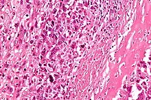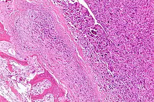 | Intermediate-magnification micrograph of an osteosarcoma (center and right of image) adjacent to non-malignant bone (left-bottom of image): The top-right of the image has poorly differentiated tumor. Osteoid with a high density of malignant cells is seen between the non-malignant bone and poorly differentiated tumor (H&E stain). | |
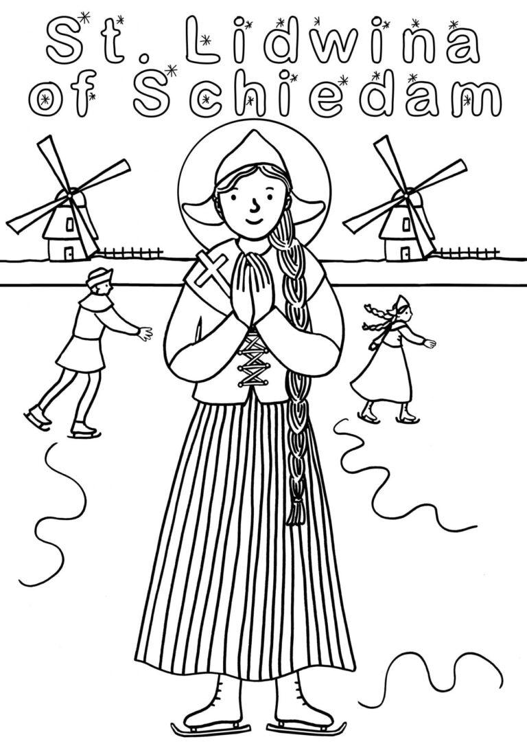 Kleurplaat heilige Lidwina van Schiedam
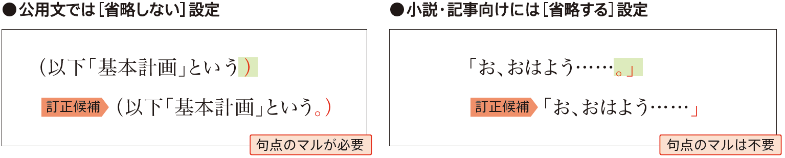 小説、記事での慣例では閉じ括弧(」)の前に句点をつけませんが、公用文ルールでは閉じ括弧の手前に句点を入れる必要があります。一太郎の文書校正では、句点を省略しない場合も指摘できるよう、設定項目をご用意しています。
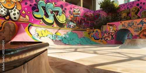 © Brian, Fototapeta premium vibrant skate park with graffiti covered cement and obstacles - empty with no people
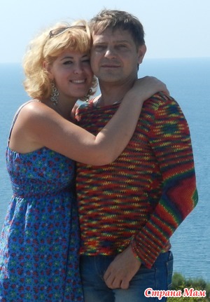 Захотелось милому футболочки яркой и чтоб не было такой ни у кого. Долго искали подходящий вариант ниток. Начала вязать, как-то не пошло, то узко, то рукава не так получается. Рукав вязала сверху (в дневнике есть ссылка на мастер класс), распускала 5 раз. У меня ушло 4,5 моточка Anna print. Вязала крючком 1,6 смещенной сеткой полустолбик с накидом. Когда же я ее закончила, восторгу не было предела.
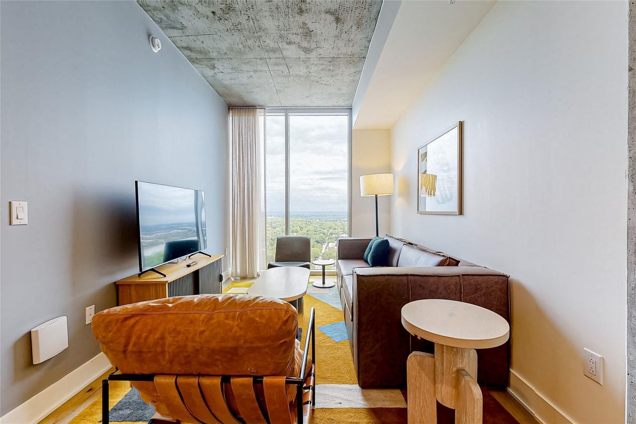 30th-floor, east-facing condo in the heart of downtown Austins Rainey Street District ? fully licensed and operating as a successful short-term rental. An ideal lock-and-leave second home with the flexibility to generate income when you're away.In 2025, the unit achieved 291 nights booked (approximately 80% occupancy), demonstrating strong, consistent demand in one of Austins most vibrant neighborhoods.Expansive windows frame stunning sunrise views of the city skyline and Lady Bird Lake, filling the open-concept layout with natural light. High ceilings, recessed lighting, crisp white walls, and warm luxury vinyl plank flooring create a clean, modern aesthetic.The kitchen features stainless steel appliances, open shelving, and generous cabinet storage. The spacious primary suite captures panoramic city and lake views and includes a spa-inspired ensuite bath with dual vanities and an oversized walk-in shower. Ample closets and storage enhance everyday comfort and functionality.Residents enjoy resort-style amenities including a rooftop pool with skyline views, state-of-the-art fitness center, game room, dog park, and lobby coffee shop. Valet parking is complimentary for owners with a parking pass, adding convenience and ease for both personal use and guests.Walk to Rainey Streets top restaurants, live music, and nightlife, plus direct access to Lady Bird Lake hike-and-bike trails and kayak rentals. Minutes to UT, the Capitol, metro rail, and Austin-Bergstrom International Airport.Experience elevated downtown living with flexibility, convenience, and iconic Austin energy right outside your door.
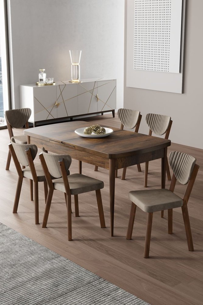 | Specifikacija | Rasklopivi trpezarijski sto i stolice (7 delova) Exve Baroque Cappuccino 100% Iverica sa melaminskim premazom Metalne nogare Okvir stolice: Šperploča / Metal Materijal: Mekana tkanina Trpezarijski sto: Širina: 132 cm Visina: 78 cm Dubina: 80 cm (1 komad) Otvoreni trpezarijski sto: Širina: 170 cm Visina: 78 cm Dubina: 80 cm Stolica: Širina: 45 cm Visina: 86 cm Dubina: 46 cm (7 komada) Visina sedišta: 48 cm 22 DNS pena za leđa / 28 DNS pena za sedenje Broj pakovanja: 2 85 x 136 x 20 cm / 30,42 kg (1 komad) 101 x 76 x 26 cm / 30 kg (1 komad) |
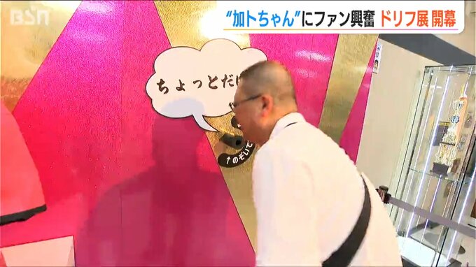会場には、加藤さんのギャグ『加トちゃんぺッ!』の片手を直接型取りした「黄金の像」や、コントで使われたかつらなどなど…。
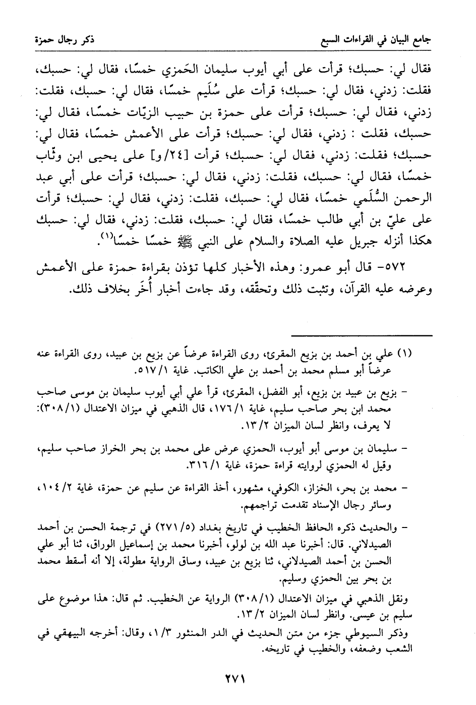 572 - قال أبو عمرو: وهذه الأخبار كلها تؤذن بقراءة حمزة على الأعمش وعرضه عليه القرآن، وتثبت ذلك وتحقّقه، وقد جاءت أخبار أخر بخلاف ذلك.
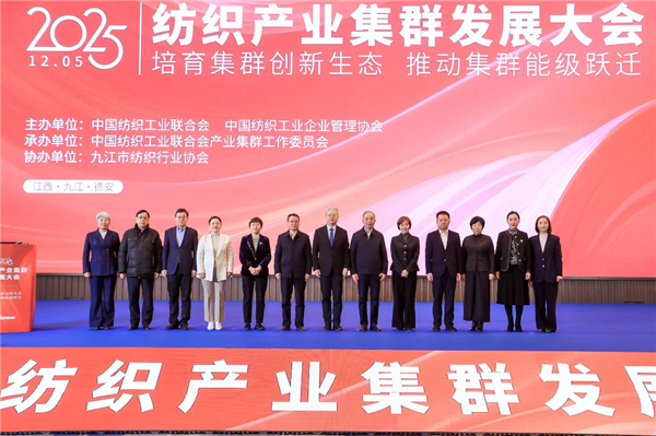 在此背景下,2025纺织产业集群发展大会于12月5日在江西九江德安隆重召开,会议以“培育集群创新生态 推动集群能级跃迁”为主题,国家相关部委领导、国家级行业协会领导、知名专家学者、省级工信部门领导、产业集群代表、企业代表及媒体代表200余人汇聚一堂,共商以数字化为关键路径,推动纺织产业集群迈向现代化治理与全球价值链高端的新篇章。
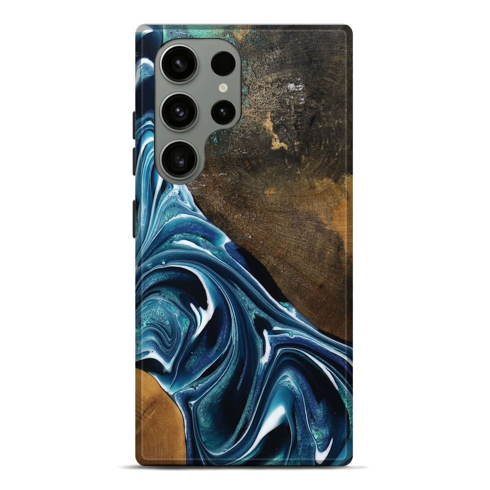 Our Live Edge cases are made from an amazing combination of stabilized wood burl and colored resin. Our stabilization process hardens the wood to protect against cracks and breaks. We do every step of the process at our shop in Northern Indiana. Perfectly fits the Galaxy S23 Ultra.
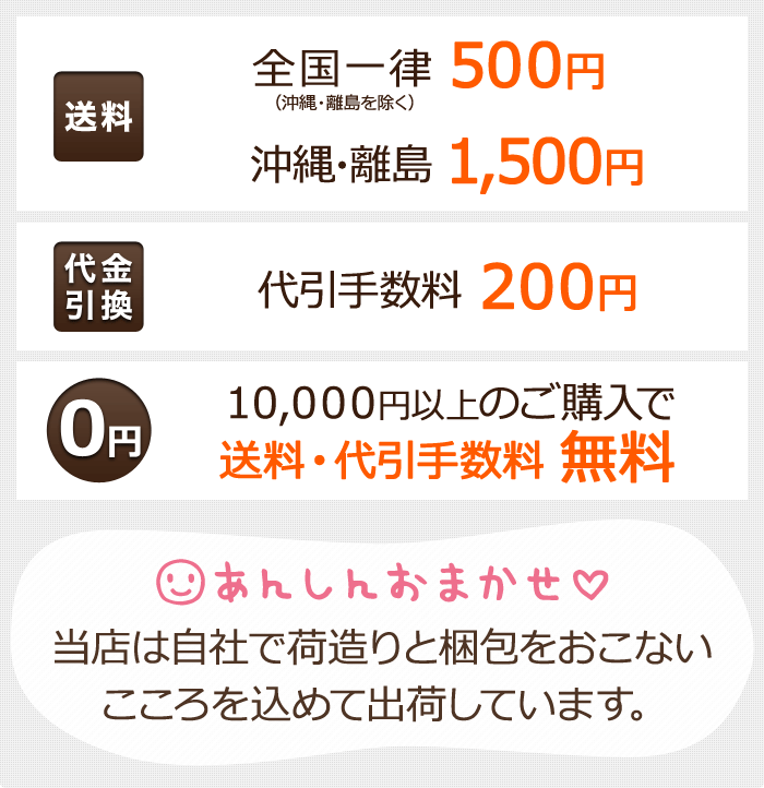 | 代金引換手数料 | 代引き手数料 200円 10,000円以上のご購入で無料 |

━━━━━━━━━━━━━━━━━━━━

→ **Your instructions**
In the listing above, find the line holding "30th-floor, east-facing condo" and the line holding "会場には、加藤さんのギャグ『". Reproduce those two lines and all between them exactly, leaving out pictures.

→ **Output of the task**
 30th-floor, east-facing condo in the heart of downtown Austins Rainey Street District ? fully licensed and operating as a successful short-term rental. An ideal lock-and-leave second home with the flexibility to generate income when you're away.In 2025, the unit achieved 291 nights booked (approximately 80% occupancy), demonstrating strong, consistent demand in one of Austins most vibrant neighborhoods.Expansive windows frame stunning sunrise views of the city skyline and Lady Bird Lake, filling the open-concept layout with natural light. High ceilings, recessed lighting, crisp white walls, and warm luxury vinyl plank flooring create a clean, modern aesthetic.The kitchen features stainless steel appliances, open shelving, and generous cabinet storage. The spacious primary suite captures panoramic city and lake views and includes a spa-inspired ensuite bath with dual vanities and an oversized walk-in shower. Ample closets and storage enhance everyday comfort and functionality.Residents enjoy resort-style amenities including a rooftop pool with skyline views, state-of-the-art fitness center, game room, dog park, and lobby coffee shop. Valet parking is complimentary for owners with a parking pass, adding convenience and ease for both personal use and guests.Walk to Rainey Streets top restaurants, live music, and nightlife, plus direct access to Lady Bird Lake hike-and-bike trails and kayak rentals. Minutes to UT, the Capitol, metro rail, and Austin-Bergstrom International Airport.Experience elevated downtown living with flexibility, convenience, and iconic Austin energy right outside your door.
 | Specifikacija | Rasklopivi trpezarijski sto i stolice (7 delova) Exve Baroque Cappuccino 100% Iverica sa melaminskim premazom Metalne nogare Okvir stolice: Šperploča / Metal Materijal: Mekana tkanina Trpezarijski sto: Širina: 132 cm Visina: 78 cm Dubina: 80 cm (1 komad) Otvoreni trpezarijski sto: Širina: 170 cm Visina: 78 cm Dubina: 80 cm Stolica: Širina: 45 cm Visina: 86 cm Dubina: 46 cm (7 komada) Visina sedišta: 48 cm 22 DNS pena za leđa / 28 DNS pena za sedenje Broj pakovanja: 2 85 x 136 x 20 cm / 30,42 kg (1 komad) 101 x 76 x 26 cm / 30 kg (1 komad) |
会場には、加藤さんのギャグ『加トちゃんぺッ!』の片手を直接型取りした「黄金の像」や、コントで使われたかつらなどなど…。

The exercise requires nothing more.